In a Department of Labor news release yesterday, new U.S. Secretary of Labor Alexander Acosta announced the withdrawal of two Obama-era Administrator Interpretations, effectively rolling back the scope of the Fair Labor Standards Act and its application to joint employment and independent contractors. These two interpretations, issued by the former Administrator of the DOL’s Wage and Hour Division (“WHD”) in July of 2015 and January of 2016, were not legally binding. However, both publications sent a message to the employer community that the DOL and WHD would take a broad view of the applicability of the FLSA to companies that characterize their workers as independent contractors or share employees with other organizations.
The first interpretation, issued in July of 2015 and covered by HR Legalist, took an expansive view of what types of workers labeled as contractors could actually be deemed employees legally entitled to minimum wage and overtime under the FLSA. The DOL indicated that it would rely on a multiple factor “economic realities” test used to determine whether or not a worker is economically dependent on the employer (an employee) or truly in business for him or herself (an independent contractor). The interpretation cited to court cases across the country applying this test, which is broader than the “common law” test used by the IRS for employment tax purposes.

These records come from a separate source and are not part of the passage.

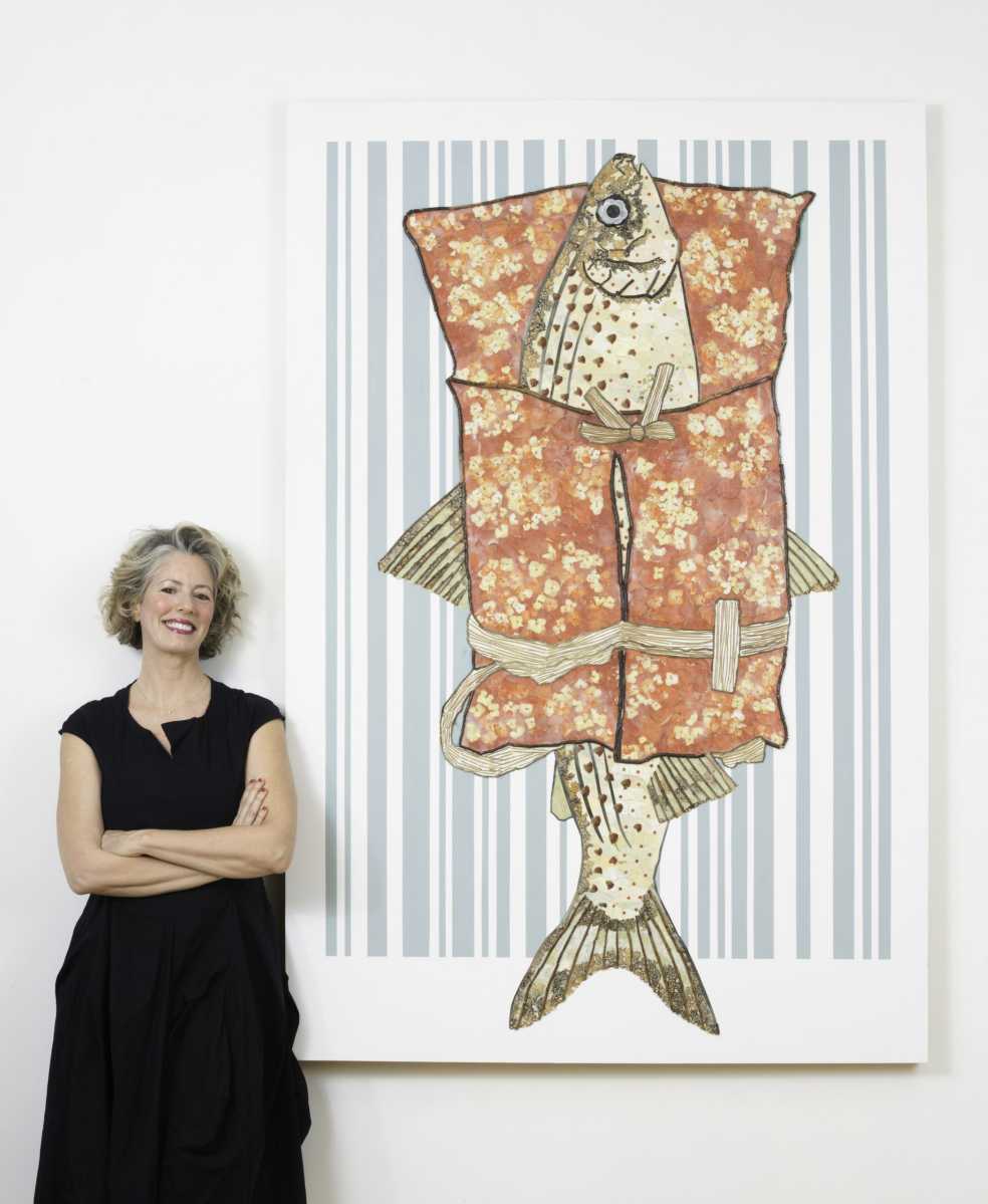 Pressed flowers and paint intermingle on the canvas to form a collage of colors and textures, resulting in a fish wearing a life preserver.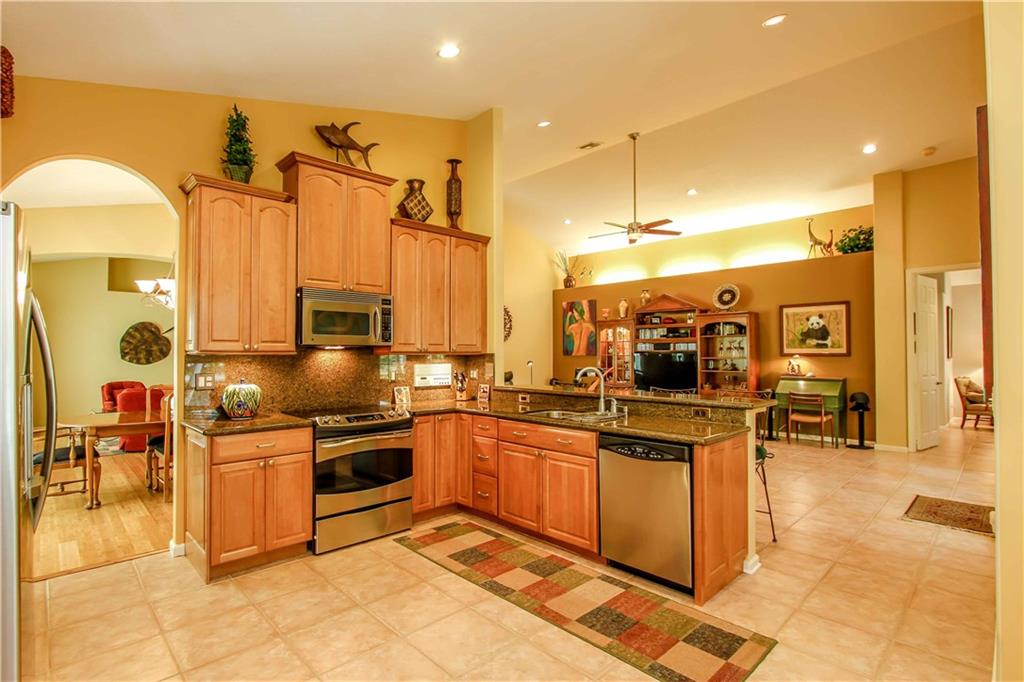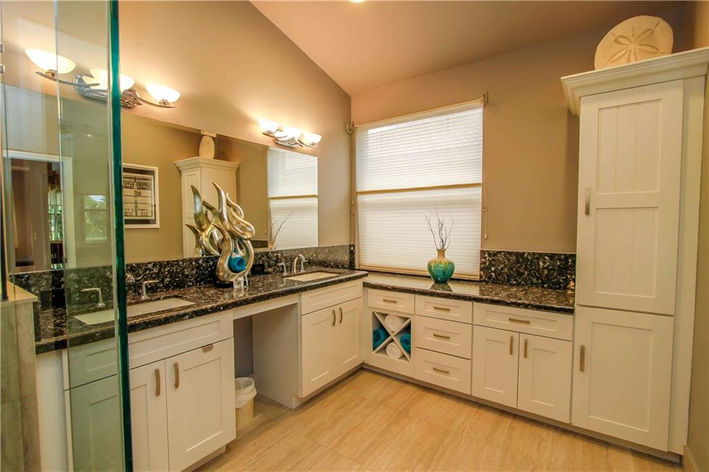 Gorgeous lake front home in a guard gated community. Spectacular one story home with remodeled gourmet kitchen with real wood cabinetry, granite countertops, and ss appliances. Master has great lake views, two large walk in closets, and tile floors. Master bath is completely remodeled with a large frameless shower, granite counter tops, new cabinetry, lighting etc. Second bath also remodeled with new cabinetry, glass sink bowl, faucet, etc. Lush landscaping, accordion shutters and so much more!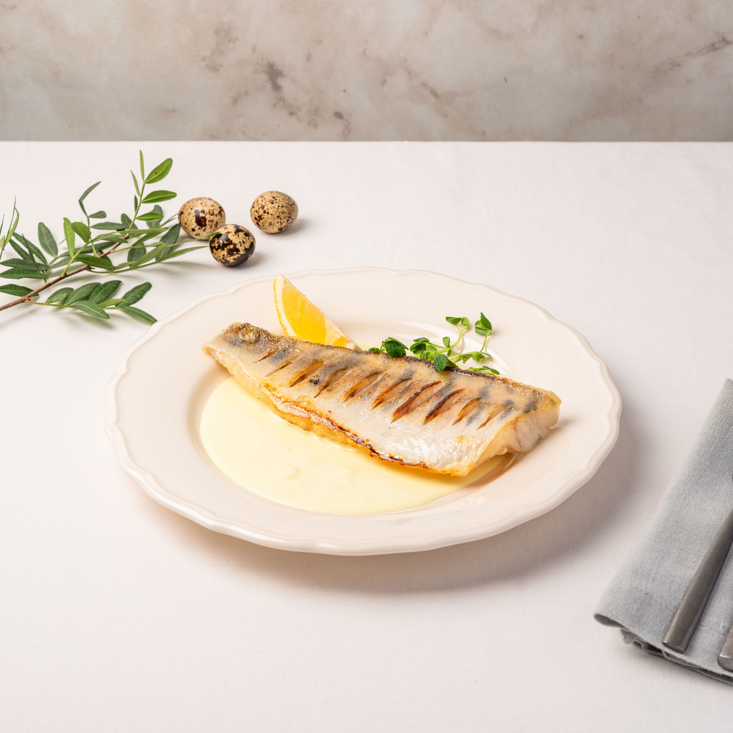Sandacz pozostaje delikatny i sprężysty, a cytrusowy sos podkreśla jego naturalną świeżość. To wiosenna kompozycja smaków, która wnosi do menu subtelny, orzeźwiający akcent. Wyjątkowe danie główne w naszym cateringu wielkanocnym i eleganckim menu na uroczyste przyjęcia.
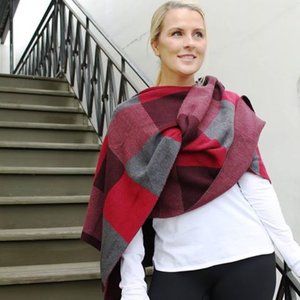 Lululemon Bundle Up Scarf Sweater Wrap in Cranberry Red Black & /Dark Slate Gray

Now that this interpretation has been withdrawn, the DOL may use a more restrictive test in the future.
Similarly, the 2016 interpretation took a broad view of “joint employment” situations, where two or more employers may be held responsible for the failure to pay appropriate wages. The 2016 interpretation identified two types of joint employment arrangements: horizontal joint employment (where two or more affiliated entities are considered joint employers of the same employee or employees); and vertical joint employment, where an organization relies on an intermediary such as a temp agency to supply employees. In the case of horizontal joint employment, the 2016 interpretation states that the DOL would analyze the relationship between the two entities, including any overlap between ownership, management, employees, operations, and customers. In the case of vertical joint employment, the interpretation adopted the economic realities test to determine whether the company relying on the intermediary organization should also be considered an employer.
Secretary Acosta withdrew these two prior guidance documents without releasing any updated guidance hinting at what position the DOL would take in the future regarding these issues. Employers may get a hint if Secretary Acosta makes public statements about the DOL’s position on these issues, or if he addresses those issues during congressional hearings.
In the meantime, this move signals that the DOL may be less aggressive regarding independent contractor misclassification and joint employment under the Trump administration. This means that it is less likely that companies will be considered employers of independent contractors or workers supplied by other firms. However, since courts across the country already use variations of the economic realities test in FLSA cases, employers still need to be aware of their potential legal responsibilities to contractors and workers supplied by temp agencies. Employers with questions regarding their obligations towards these types of workers should consult experienced employment counsel.